鄒老師才喝了口水,點點頭,看向吳壁霞:「你覺得怎麼樣?」
「季銘要不要來讀我的研究生啊?讀個聲樂碩士也不錯啊,然後再讀個博士,然後留校,就從中戲那裡把人搶過來了。」
這是很看好了。
「人家一分鐘幾萬塊的,哪有時間讀碩士,說說,評價一下,最好提點問題。」鄒老師指了指這個童心未泯的佳徒。
吳壁霞收起標誌性的笑容,想了想:「問題的話,還是唱的少,不僅是練習,更多的是歌唱表演的機會少——可能你是演員啊,所以唱的機會比較少,有一點生澀,不夠遊刃有餘,包括剛才說的喉頭的控制,氣息的控制,都有這方面的原因。不過你的發音真的很驚人啊,你應該沒有在義大利生活過吧?」
季銘搖頭。
「能在國內學到這個真假難辨的程度,一耳朵聽過去,都不太分得出來是國內歌唱家唱的,很了不起的。再一個就是靈性十足,學聲樂還是需要一點情商的,老師說的能第一時間理解過來,什麼叫一根管子通上去,什麼叫頭腔共鳴,什麼叫氣息運用,這個也是天賦。還有就是老師說的,這個情感情緒的把握,可能你是很優秀的演員,比一般的聲樂領域的人要有優勢,那種層次,那種情緒的——」吳壁霞做了一個往外涌的身體動作:「就是這種,像海浪一樣,一層一層地涌過來,那種氣勢,那種無所不在的變化,應該說是最難得的了,你真的很有成為一個優秀歌劇演員的天資。」
是歌劇演員,而不是民族唱法歌手——作為國內第一位把民族唱法和西洋歌劇融為一體的大師,吳壁霞這個評價,還是很靠譜的。國內的民族唱法的情感表達是很雄渾的,但也是很單一的,一定是那種激昂向上,悲天憫人,鏗鏘有力,甚至連一些民間民歌的表達,近年來,也有這種趨勢了,所以這種藝術形式,並不是季銘的長處所在。
反而有一定劇情的歌劇,能給他更大的發揮餘地。
「他唱音樂劇啊。
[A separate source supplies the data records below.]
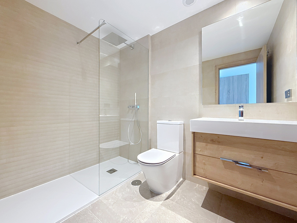 La cuisine est entièrement équipée d'appareils haut de gamme. Les salles de bains sont décorées et meublées dans des tons neutres et apaisants, offrant la simplicité d'un luxe discret.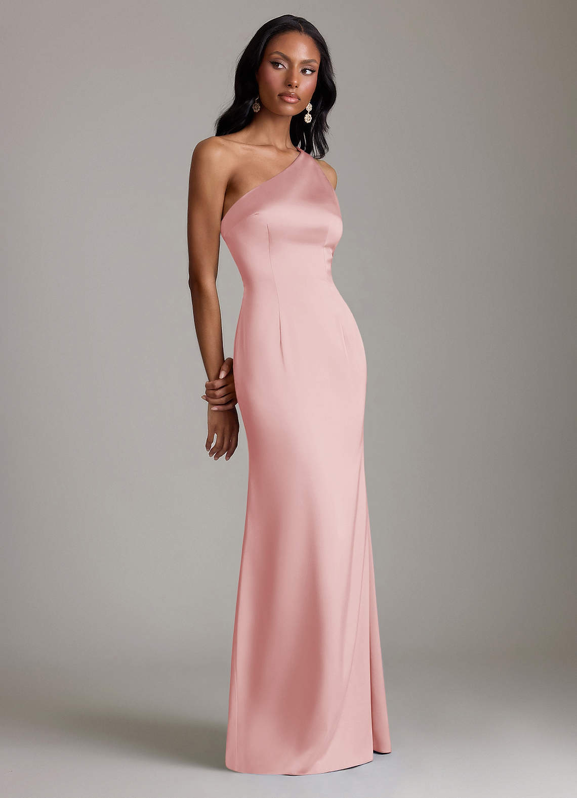 Havfrue En skulder Stræk satin Gulv-længde Kjole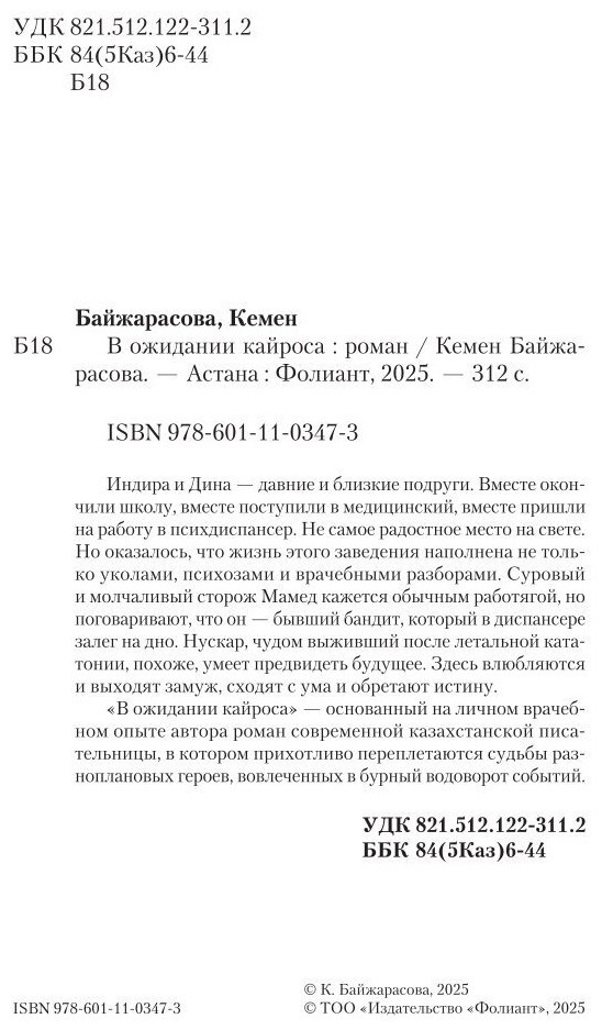 💳 Оплатить за товар можно при получении 🇰🇿 Есть бесплатная доставка по Казахстану 🎁 Копите бонусы с каждой покупки Индира и Дина — давние и близкие подруги. Вместе окончили школу, вместе поступили в медицинский, вместе пришли на работу в психдиспансер. Не самое радостное место на свете. Но оказалось, что жизнь этого заведения наполнена не только уколами, психозами и врачебными разборами. Суровый и молчаливый сторож Мамед кажется обычным работягой, но поговаривают, что он — бывший бандит, который в диспансере залег на дно. Нускар, чудом выживший после летальной кататонии, похоже, умеет предвидеть будущее. Здесь влюбляются и выходят замуж, сходят с ума и обретают истину. |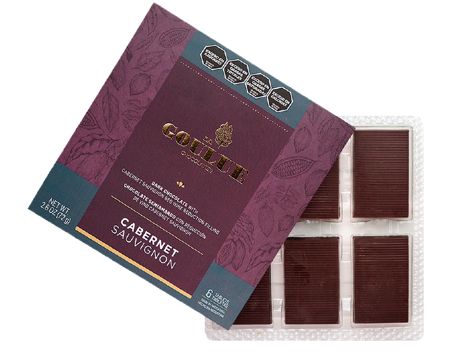 Chocolate semiamargo intenso con un corazón de Cabernet Sauvignon. Profundo, aromático y con un final persistente y elegante.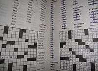 Fill-Ins, also known as Fill-It-Ins or Word Fills, are a variation of the common crossword puzzle in which words, rather than clues, are given.[1][2][3][4] Fill-Ins are common in puzzle magazines along with word searches, cryptograms, and other logic puzzles.[5] Some consider Fill-Ins to be an easier version of the crossword.[6] Since the Fill-In requires no outside knowledge of specific subjects,[7] one can solve the puzzle in another language.[3]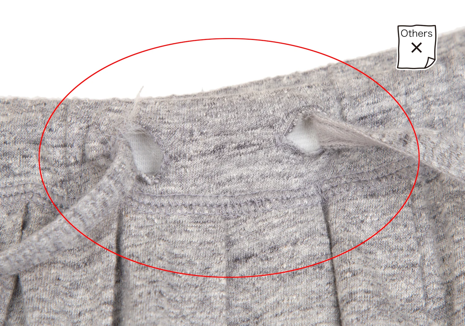 ウエストボタンホールに広がりがあります(写真参照)。その他に目立ったシミ、汚れ、ほつれ等なくいい状態です。クリーニング済み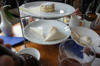 11時 15分出発。約2時間でウィンダミア湖のレストランに到着。アフタヌーンティーの昼食。サンドウィッチ、スコーン、ケーキ。飲み物は私のみ店主お勧めの エールをいただく。4.4ポンド。食事を済ませてか らバスで湖畔に送ってもらい、約2時間のフリータイム。ベアトリック・ポッターのミュージアムに行く。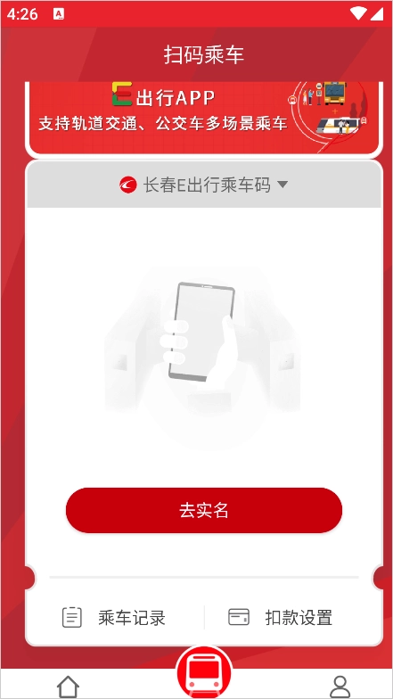 2、来到扫码乘车页面,再点击“去实名”选项;

」鄒老師也帶著笑,顯然吳壁霞的評價,她也是認同的。
「噢,那也是,他畢竟是演員。」吳壁霞點點頭,突然想到:「哎,老師,說唱的機會,馬上這不就有了?您從藝50年的音樂會,這位關門大弟子不讓上?」
「呵呵,他不一定有時間吧?」鄒老師看著季銘,有點徵詢的意思。
季銘太受寵若驚了,不管吳壁霞說跟他是師姐弟,或者說他是鄒老師的關門弟子,可實際上,他就是個一對一補習班學生,嚴格來說,都算不上是正規的弟子,甚至上課時間都有限——可要是真登台從藝五十周年音樂會,那就算是拜師了,而且還得是得意弟子,不出意外地話,在所有表演者裡頭,他也得是最近一位學生,真的稱得上是關門弟子了。
無論是從藝術上,還是從聲樂屆來說,都是莫大的肯定。
「我當然是很願意,就怕給您丟人啊。」
「你也太小看老師了,要是你會丟人,她肯定剛才就當沒聽到我的建議了。」
「……」
鄒老師瞪了她一眼:「那就這麼定下來,你看看唱哪一首,多練練,別塌台,好歹教了五十年是吧?」
「夢想成真!還願任務:在『鄒文琴從藝50周年學生音樂會』上演唱歌曲達專精初級水平。」
專精初級——居然這麼誇張。
季銘鄭重點頭,心裡有點壓力。
「來來來,我們加個微信,」吳壁霞加了季銘微信,然後把他拉了一個群,叫「50周年」,裡頭有雷珈、韓鴻、吳靜十幾位……讓季銘頗為窒息,都是在春晚上常看到的人物。
新人加入,驚起一灘「鷗鷺」。
「季銘?是那個季銘麼?」
「各位老師好。」季銘趕緊報家門。
「哎呦,這是小師弟認祖歸宗啦。」
「季銘要在音樂會上演出麼?」
「啊,」吳壁霞回雷珈:「是,老師讓他選首歌,你們有沒有建議的?」
「這次我們都要唱出自己的風格,他跟吳靜一樣,唱一段歌劇?」
「咦,」吳壁霞抬頭看向季銘:「你要不就選一段音樂劇?什麼《劇院魅影》《貓》之類的,《Memory》就是《貓》里的是不是?也挺合適的。」
「可以啊。」
「行,那你回去自己選一段,在群里說一下,排的時候,樂隊好提前準備。」吳壁霞點點頭:「不過你得準備出時間來,得排練的。」
季銘點頭:「好。」
在群里大概一說,大家也都挺贊同的——背後,那幾位都嘀咕,果然是老的疼小的,多少學生都排不上,季銘這就被欽點了。從藝五十周年的紀念會,基本上是一生中最重要的一次了,因為國人逢五逢十是大日子,從藝一百年基本是做不到的,誰能活那麼長——所以五十年也就是他們在世時,能經歷的最大的日子了。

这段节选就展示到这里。